* **PROBLEM DESCRIPTION**:
A word-for-word copy of the data is what's wanted, with no pictures.

* **GIVEN INFORMATION**:
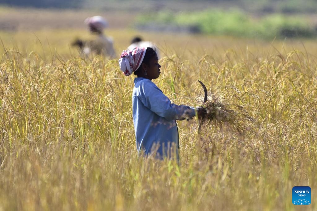 A farmer harvests paddy at a field in Nagaon district of India's northeastern state of Assam, Nov. 20, 2025. (Str/Xinhua)
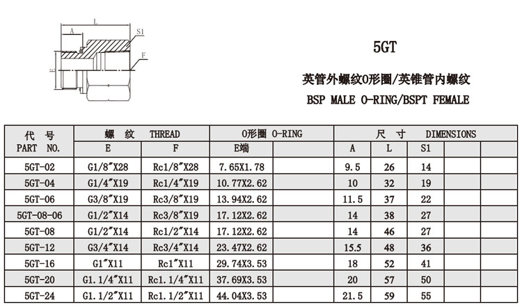5GT-02,5GT-04,5GT-06,5GT-08-06,5GT-08,5GT-12,5GT-16,5GT-20,5GT-24,內螺紋接頭
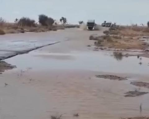 قطعت السيول طريق نواكشوط نواذيبو عند "واد الشبكة" تحديدا بالقرب من منعرج تازيازت .

* **ANSWER TO THE PROBLEM**:
 A farmer harvests paddy at a field in Nagaon district of India's northeastern state of Assam, Nov. 20, 2025. (Str/Xinhua)
5GT-02,5GT-04,5GT-06,5GT-08-06,5GT-08,5GT-12,5GT-16,5GT-20,5GT-24,內螺紋接頭
 قطعت السيول طريق نواكشوط نواذيبو عند "واد الشبكة" تحديدا بالقرب من منعرج تازيازت .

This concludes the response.